To create a frame composition, Garet employs the process of meticulously layering saturated colors and overlaying square frames until the work fits the parameters. At 60 fps, the image streams the frames in “a constant and non-repeating state of excited motion.” On the visual purpose behind the work's parameters, the artist writes, “The perimeter balanced or conflicting across strict boundaries approaches a kind of incandescence through their saturation and combination. The moving image comprising frame compositions has the quality of an actual source of light, bridging the worlds of reflective and emanative luminous phenomena.”

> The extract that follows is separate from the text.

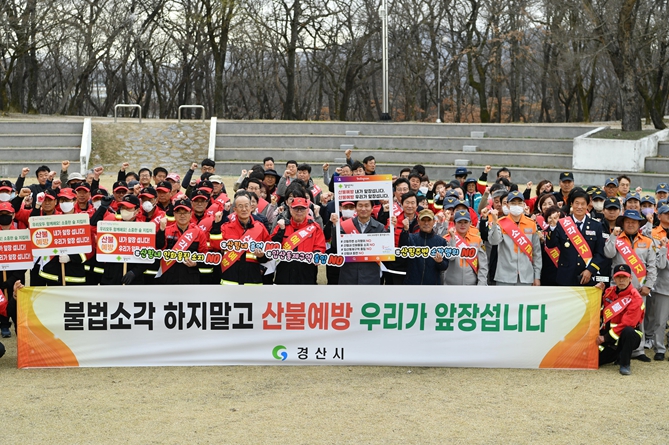 [뉴스서울] 조현일 경산시장은 19일 자인 계정숲에서 자인면 의용소방대, 마을 이장, 관련 유관기관 등 60여 명과 함께 ‘불법소각 ZERO 산불 ZERO 합동캠페인’에 참여하고 봄철 산불 예방에 총력을 다하고 있다.
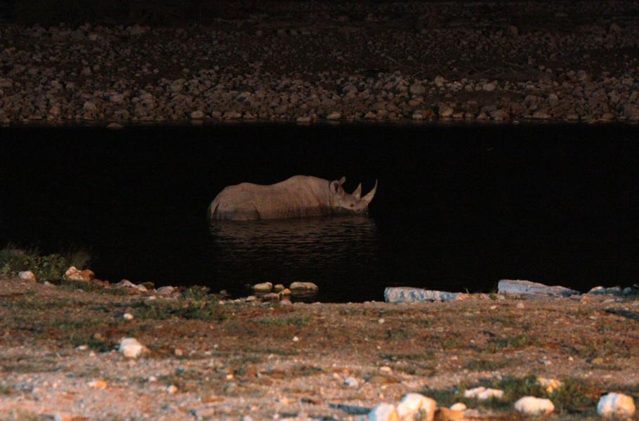 Po dvou hodinách na lůžku jsem v pět ráno zase na místě. Napajedlo vypadá opuštěně, jen vytrvalý nosorožec se pořád promenáduje kolem. Vstát před východem se ale vyplatilo, nosorožec dělá vše možné, aby se mi za ranní vstávání odvděčil. Najednou otáčí hlavu k vodě a pomalu nakráčí doprostřed napajedla, kde zůstává stát. Přechází z jedné strany na druhou. Voda mu sahá až do půli břicha a když vyjde na mělčinu, je dvoubarevný. Svrchní polovina světlá, ta spodní tmavá.

As the frames move rapidly over time, they emanate a luminosity that magnetizes and pulls the viewer into the work. “Each piece,” the artist explains, “emerged from flash instants in a continuous stream of generative video imagery exploring the qualities and potentials of time modulation and light emission.” The computer generated nature of the frame compositions mirrors the manual craftsmanship that artists who create physical objects exert by hand.


Undeniably, the works in “Frame Compositions” show Garet’s knowledge of modern and contemporary masterpieces of the physical art world, and comparisons to iconic series, like the experiential light installations by James Turrell, Color Field oil paintings by Mark Rothko and neon light sculptures by Dan Flavin, are hard to escape. Although the artist shares a stylistic kinship with these blue-chip artists, he distinguishes his practice by expanding formal explorations of color, light and surface onto the digital canvas. Turrell, Rothko, and Flavin have created decades of work extensively about the art of making physical art. Garet, on the other hand, considers the pictorial significance of color, form, surface and light specifically within the domain of digital art.


View more works here

Richard Garet works with sound and visual arts. His materials emerge from ontological investigations of background noise and the decadence and decay of technological utilities. He finds inspiration in observing isolated situations of everyday life and from interactions with found materials that explore further possibilities of automation, discarded utility, function and defunctionalization, commodity and environment.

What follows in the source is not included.